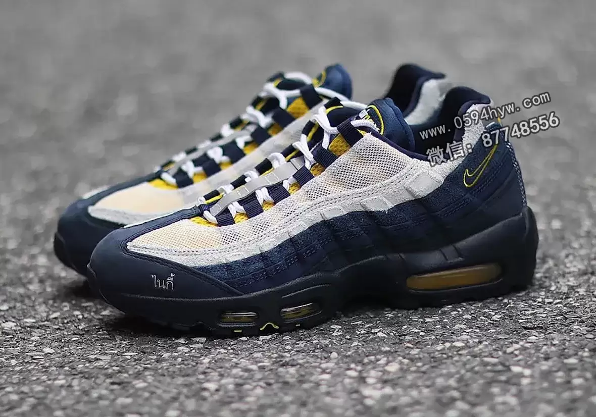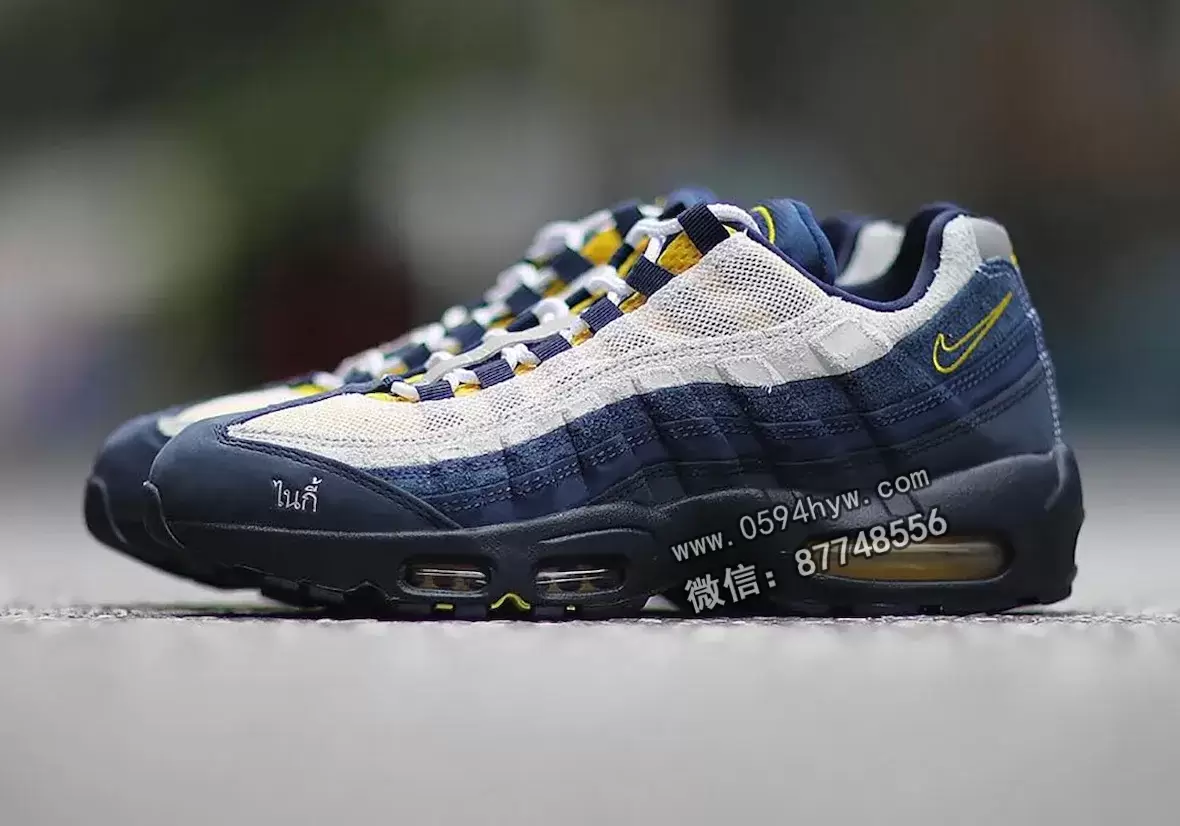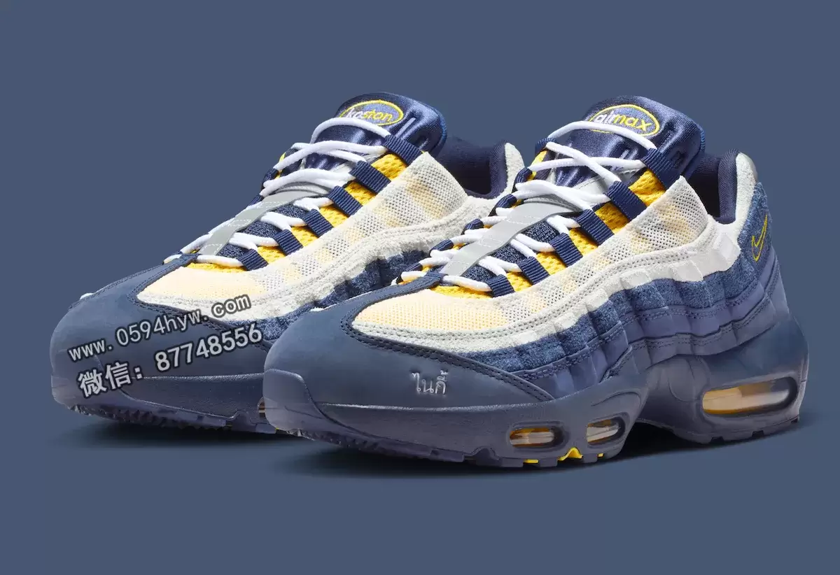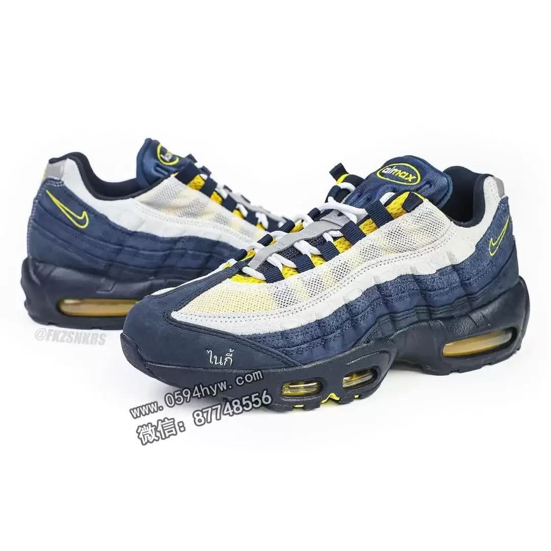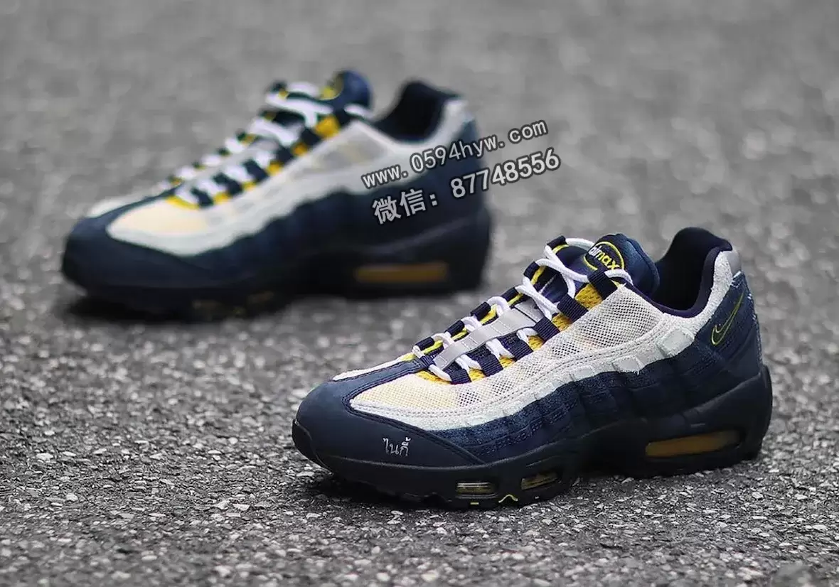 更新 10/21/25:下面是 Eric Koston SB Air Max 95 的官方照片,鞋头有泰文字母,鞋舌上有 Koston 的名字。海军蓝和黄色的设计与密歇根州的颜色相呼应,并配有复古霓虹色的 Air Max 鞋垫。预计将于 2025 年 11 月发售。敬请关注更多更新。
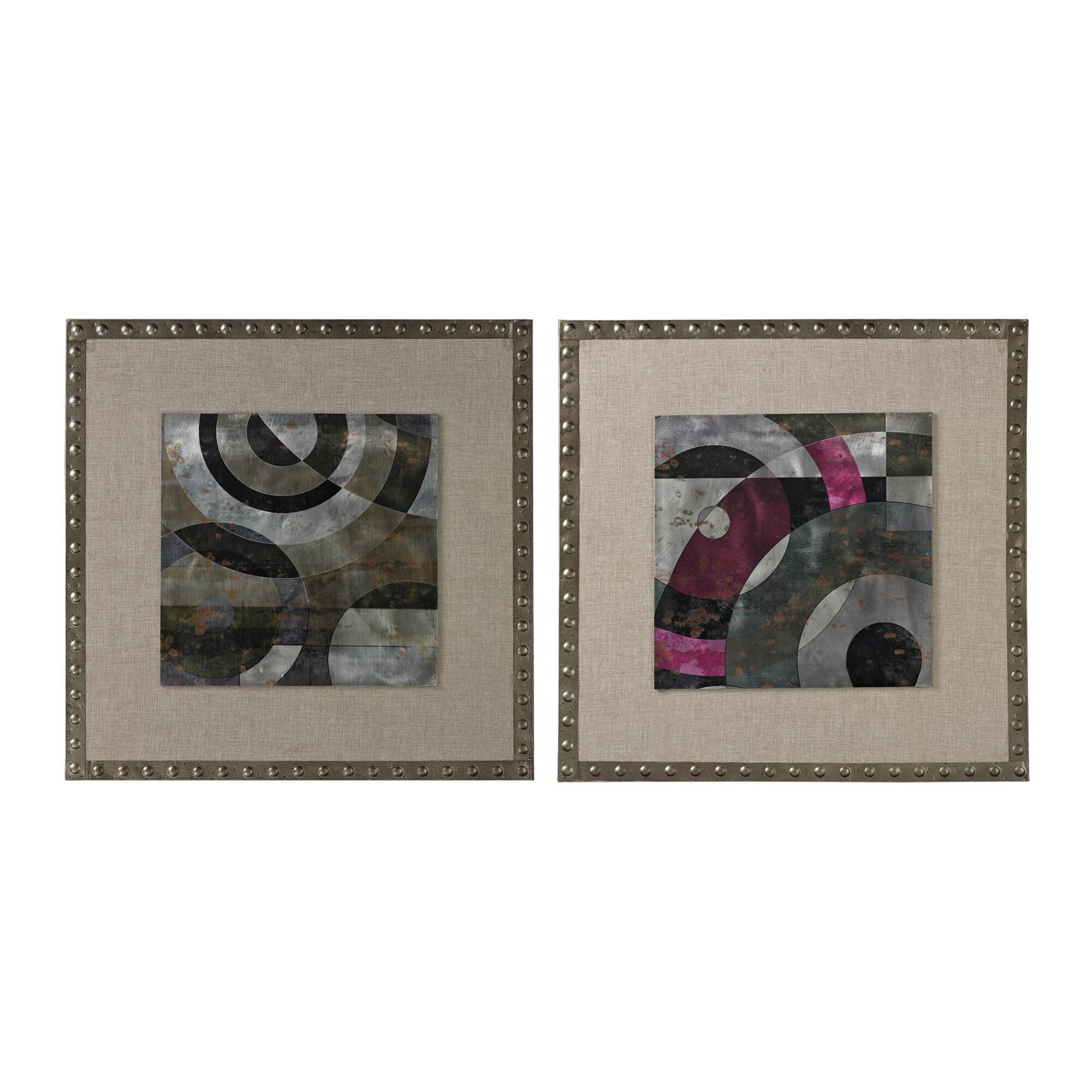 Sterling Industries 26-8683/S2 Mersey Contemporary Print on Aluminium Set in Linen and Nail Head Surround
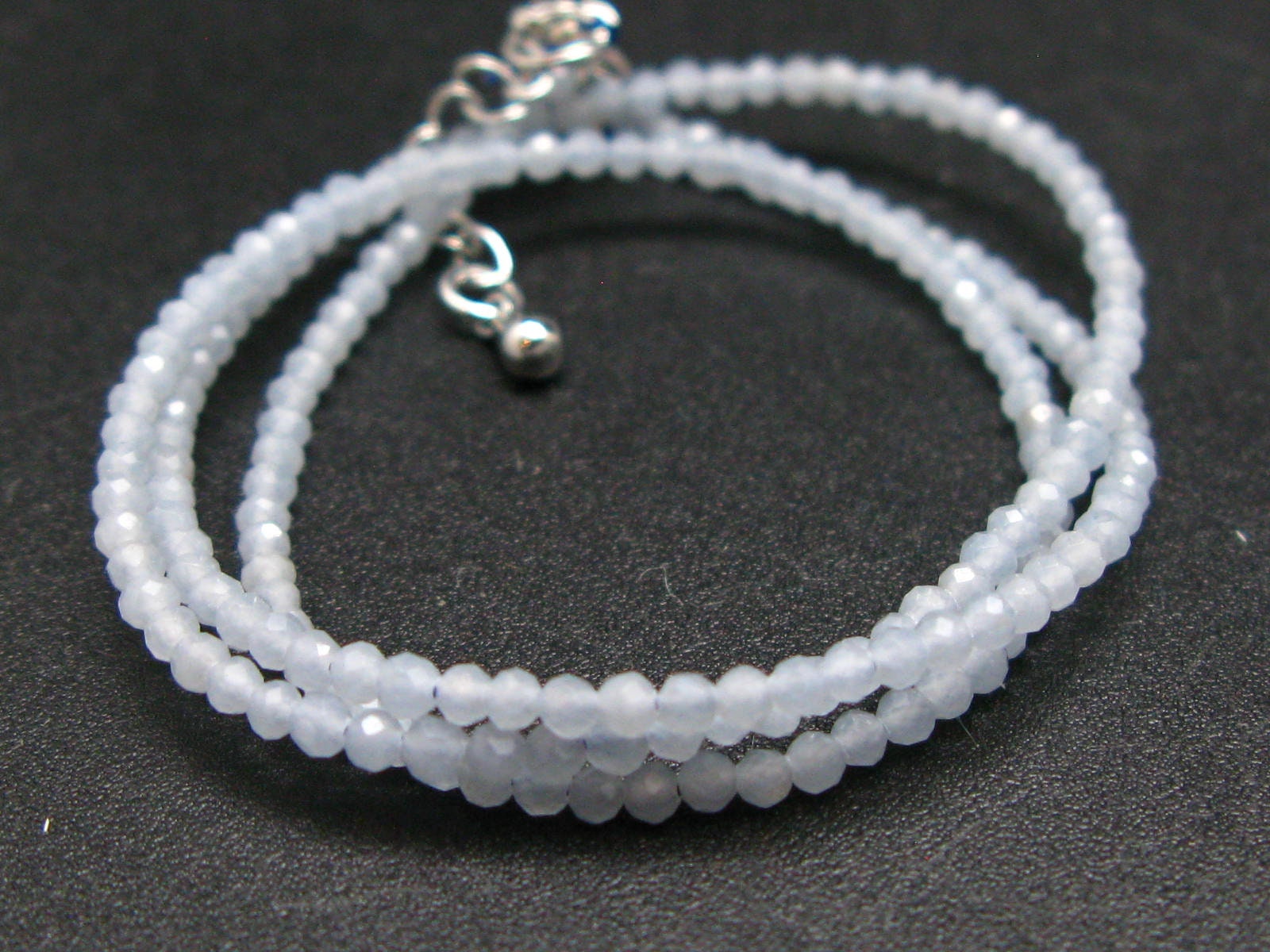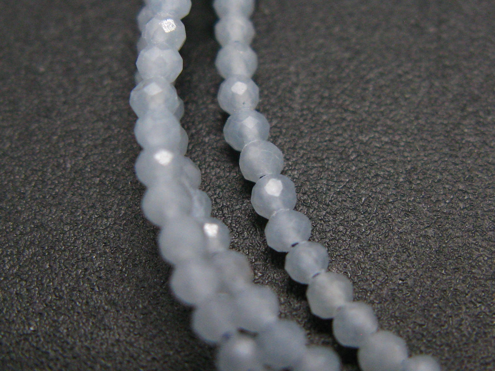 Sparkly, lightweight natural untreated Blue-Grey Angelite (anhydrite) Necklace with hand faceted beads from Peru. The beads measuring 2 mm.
::::::::
Restate each line above exactly, keeping pictures out.

# EXERCISE RESPONSE
 更新 10/21/25:下面是 Eric Koston SB Air Max 95 的官方照片,鞋头有泰文字母,鞋舌上有 Koston 的名字。海军蓝和黄色的设计与密歇根州的颜色相呼应,并配有复古霓虹色的 Air Max 鞋垫。预计将于 2025 年 11 月发售。敬请关注更多更新。
 Sterling Industries 26-8683/S2 Mersey Contemporary Print on Aluminium Set in Linen and Nail Head Surround
 Sparkly, lightweight natural untreated Blue-Grey Angelite (anhydrite) Necklace with hand faceted beads from Peru. The beads measuring 2 mm.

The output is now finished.